見出し画像

映画『数分間のエールを』みたよ

昨日高校卒業以来、久しぶりにひとりで映画館に行った。わたしはケチなので、チケット代が上がったということと、どうせ半年も経てばサブスクで配信されるだろうと言い訳をしてしばらく映画館に行かないでいた。

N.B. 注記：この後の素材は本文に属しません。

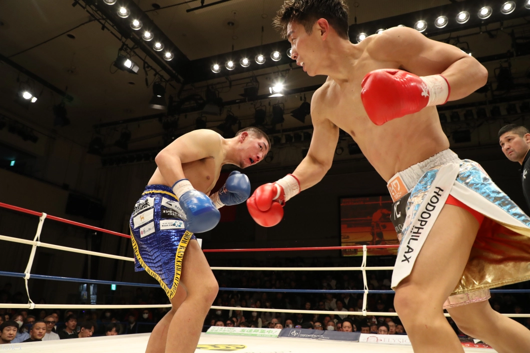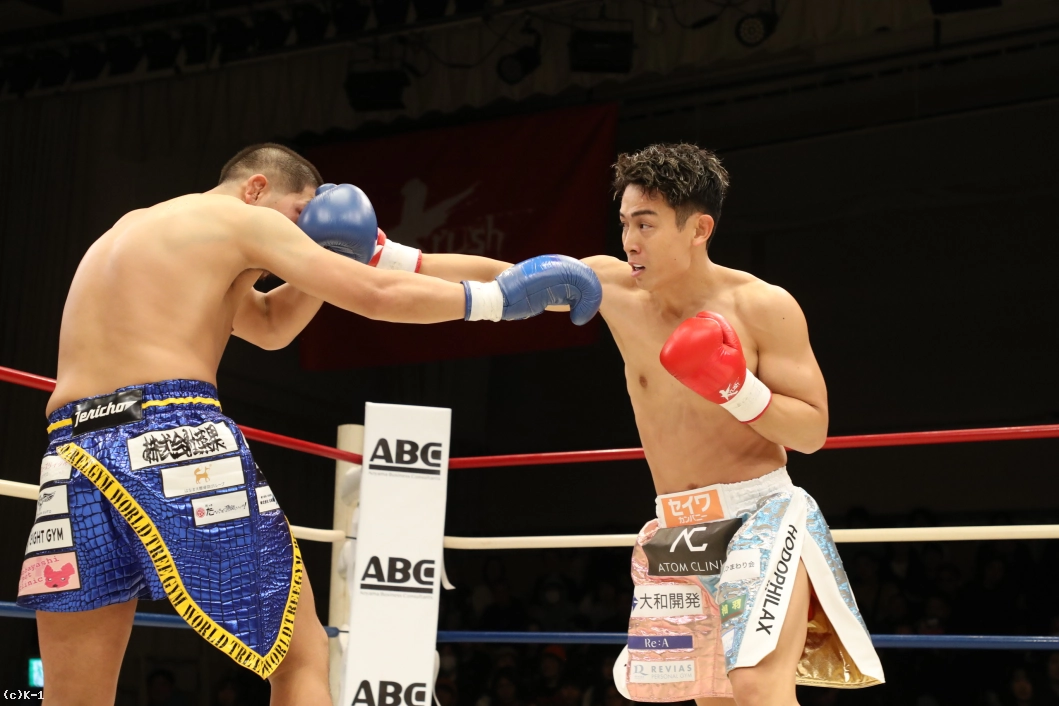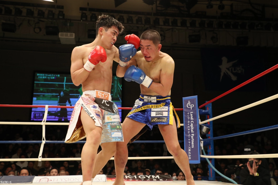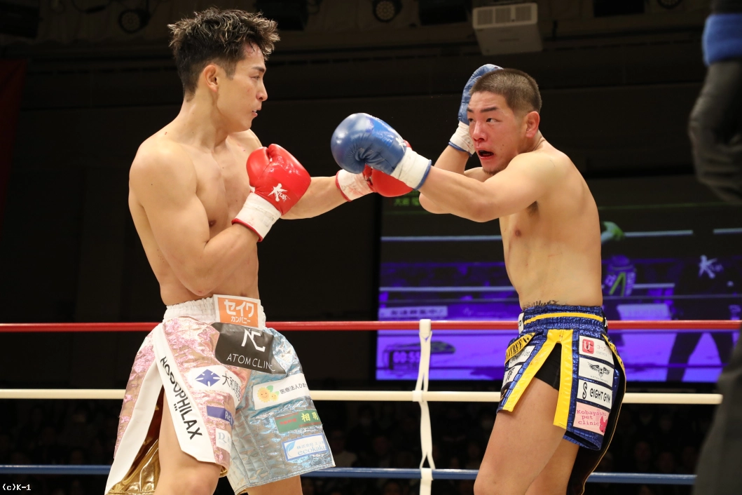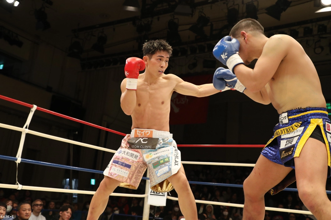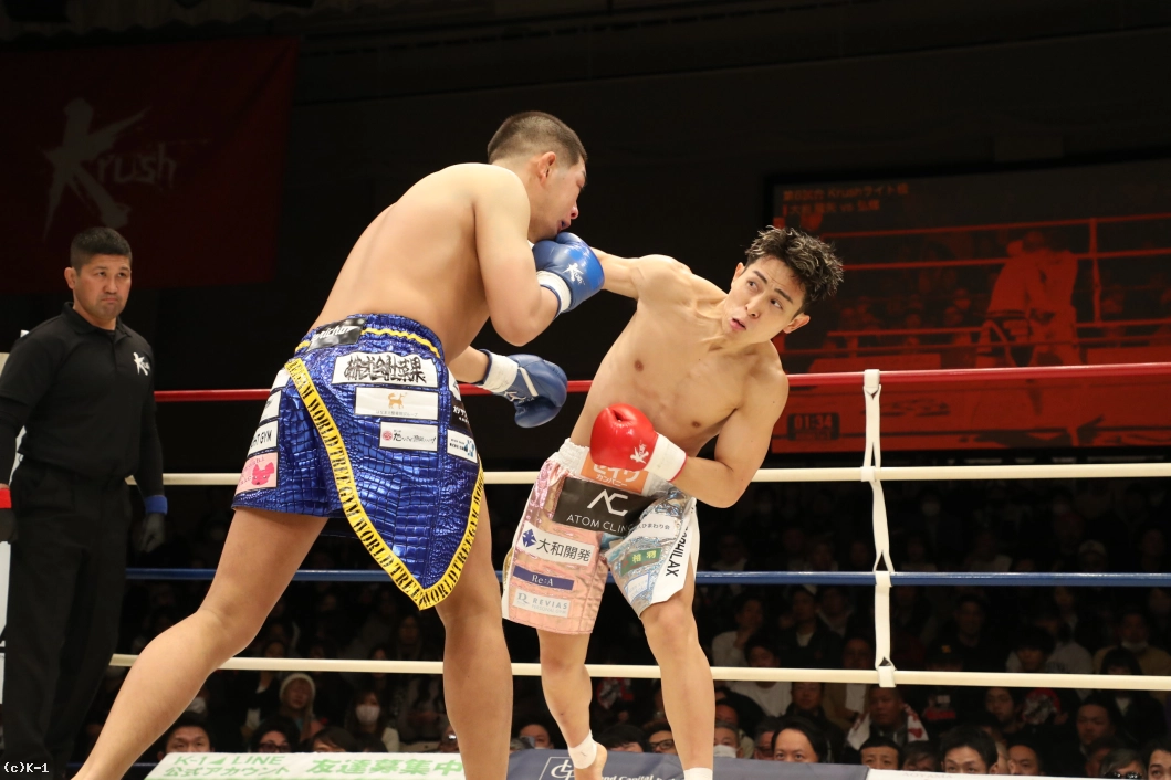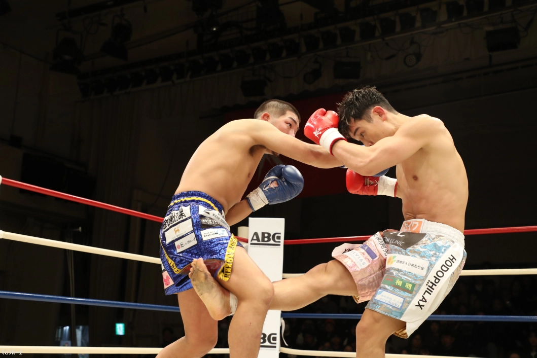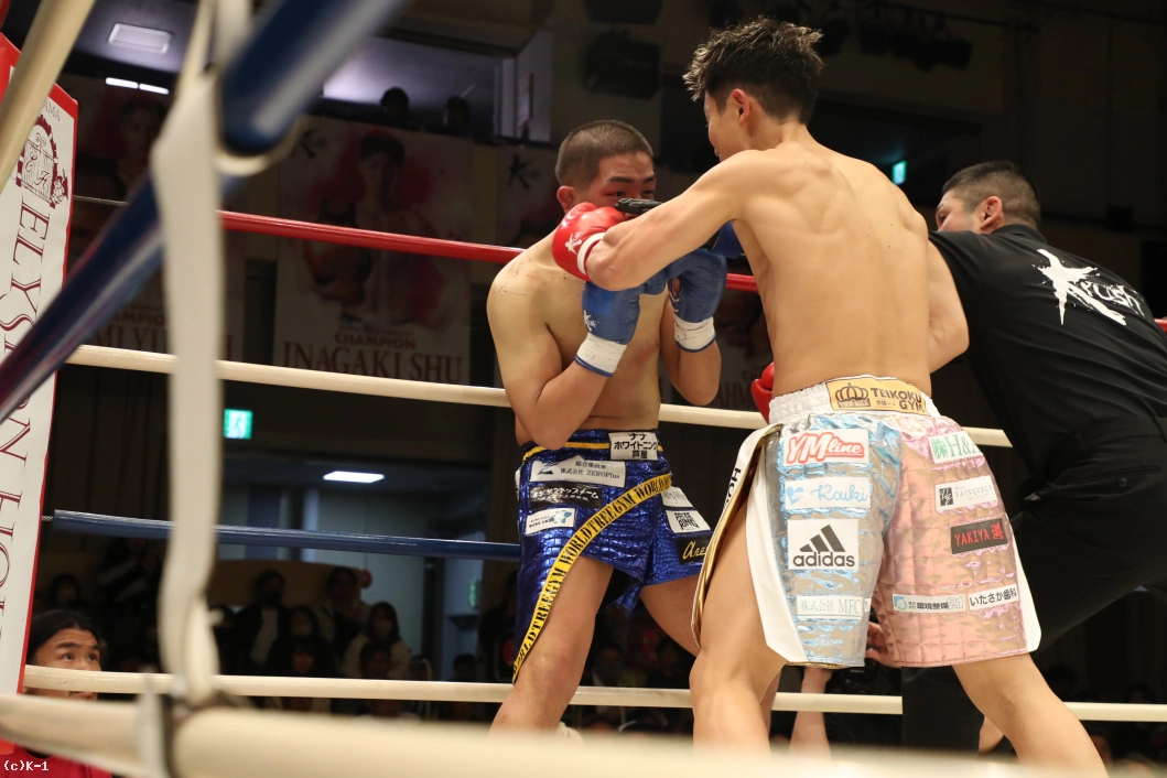 1R、弘輝は細かくジャブを出しながら距離を詰めて左ストレートをぶつけていく。右のボディ、テンカオの膝と攻撃が多彩だ。対する大岩は得意の右のオーバーハンドと、インローへのカーフキックを出していく。弘輝の足が流れる場面が目立ち、カーフキックが効いてきたか。ラウンド終了間際には大岩がラッシュをかけ、右ストレートが弘輝の顔を捉えた。

でも本来映画というものは、映画館で見られるように作られているはずで、家で見るのと映画館で見る映画は全く別のものであると、そんな当たり前のことをわたしは忘れていた。目の前の映像と音だけに集中することができる。それだけじゃない。授業を抜け出して昼間から映画を見れる背徳感(本当はよくないんだけどね)。周りの人のふふっと溢れた小さな笑い声、鼻を啜る音……エンドロールが終わって、周りを見渡せば、みんなどこか満足げな顔をしている。映画館を出た後、世界がほんの少しだけ変わっているような気がする。昨日は映画館に行って本当に良かったと思った。

✎‎𓂃𓈒𓏸

映画に行く前日、イラストや小説を描く仲間と話しながら深夜作業をしていた。最近ずっとずっと考えているのに何も形に起こせない、と何気なく相談したら、

「息抜きだよ息抜き!映画館でも美術館でも、なんか見に行きなよ!」

そう言われた。確かに、最近考えてばかりで、時間がないと言い訳をして、それから他人の素晴らしい創作物を見ると何もできない自分にもっと嫌気が差すんじゃないかと怖くて何も見ていなかった。そんなものに怖がっているんじゃ、進めるものも進めなくなるだろう。わたしは映画館に行くことに決めた。
まさか相手は学校をサボれなんて趣旨は一ミリもなかったと思うが、わたしはさっそく次の日に、三、四限をブッチして映画館へ行くことにしたのだ。

当日知ったんだけど、どうやら水曜日は映画安い日だっ
たみたい



⟡.*

「作る喜びと痛みを知る全ての人へ」


広告で見たこのフレーズにひっかかってわたしはこの映画を見た。
映画の感想を書こうと思っていたんだけど、ただの懺悔になってしまった。見苦しい文章ではあるが、お付き合いしてくれる人がいたらとても嬉しいよ!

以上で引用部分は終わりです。